Controversial Bridgnorth chicken farm plans to go before inspector

An appeal over a controversial chicken farm proposal will be heard by a planning inspector next week.

Published
The proposal will be considered by an inspector next week

The proposal, for Footbridge Farm, at Tasley, Bridgnorth, was rejected by Shropshire Council's planning committee in November 2021 – despite being recommended for approval by the authority's officers.

Applicant Matthew Bower appealed against the decision and a hearing on the proposal will now take place at Shrewsbury's Shirehall, starting at 10am on Wednesday, January 11.

The proposal is for a 210,000-chicken farm, with four buildings each housing 52,000 birds – a total of more than 1.5 million birds every year.
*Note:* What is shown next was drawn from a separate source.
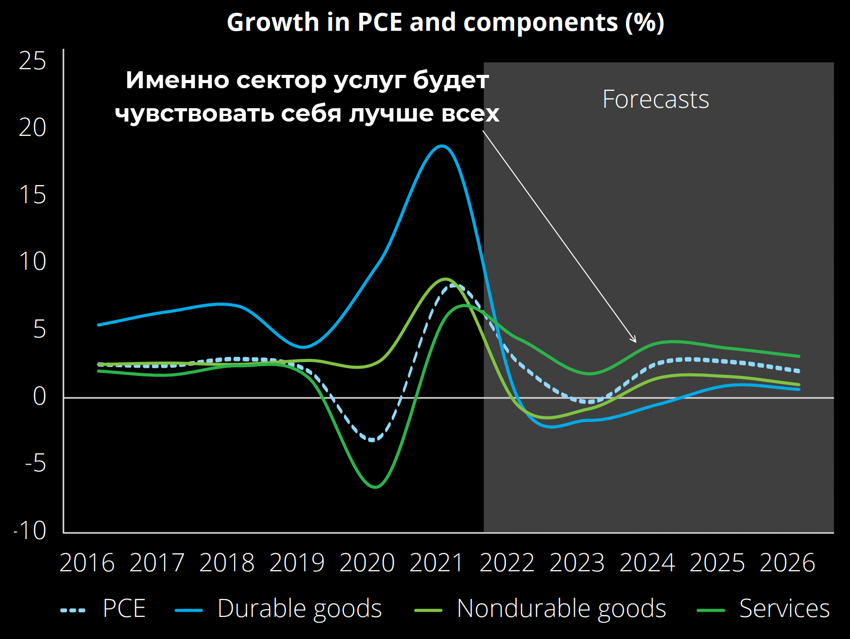 - Пандемия повлияла на структуру продаж и личные сбережения граждан. В США уровень личных сбережений находится на уровне 3,1%, что ниже нормы. После отмены коронавирусных ограничений люди повсеместно стали наверстывать упущенное, это касается сферы развлечений, услуг. Но из-за сокращения личных сбережений население стало меньше тратить на покупки товаров длительного пользования. Это крупные покупки, многие откладывают их до лучших времен. Из-за этого как минимум до середины 20-х годов возможен медленный рост продаж товаров длительного пользования.

The committee rejected the plan in 2021 over the potential impact of the smell on nearby housing developments and future developments, as well as the environmental concern about the effect of ammonia from the site on the Site of Special Scientific Interest at Thatchers Wood and Westwood.
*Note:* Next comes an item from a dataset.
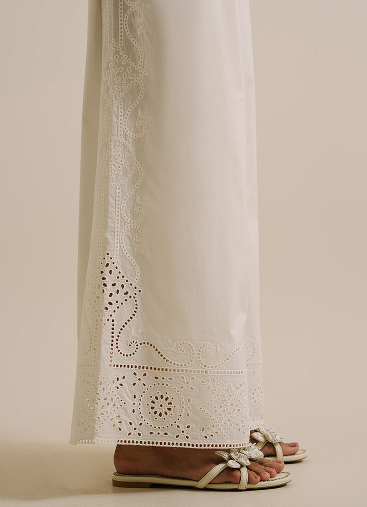 The White Cotton Embroidered Izaar featuring relax fitting and culotte design.

Speaking ahead of next week's hearing, George Edwards, a Tasley parish councillor and member of the Tasley Action Group which has been campaigning against the planning application for more than five years, said: “We praise the members of the planning committee who refused to accept the planning officer’s recommendation to approve what members recognised was a fundamentally flawed application.

"We trust the planning inspector will exercise similar procedural fairness and uphold members’ decision to refuse planning permission.”

The plan for the farm was actually approved by the council back in September 2017.

But a legal battle followed with a residents' group securing a judicial review, which it first lost at the High Court in June 2018, before winning at the Court of Appeal in May 2019.

The Shropshire Star has contacted the agent acting for the applicants, who declined to comment ahead of the latest hearing.

The hearing is scheduled to last for one day, following which the planning inspector will consider their judgement, before publishing their findings, which will decide whether the plan is given the go-ahead or not.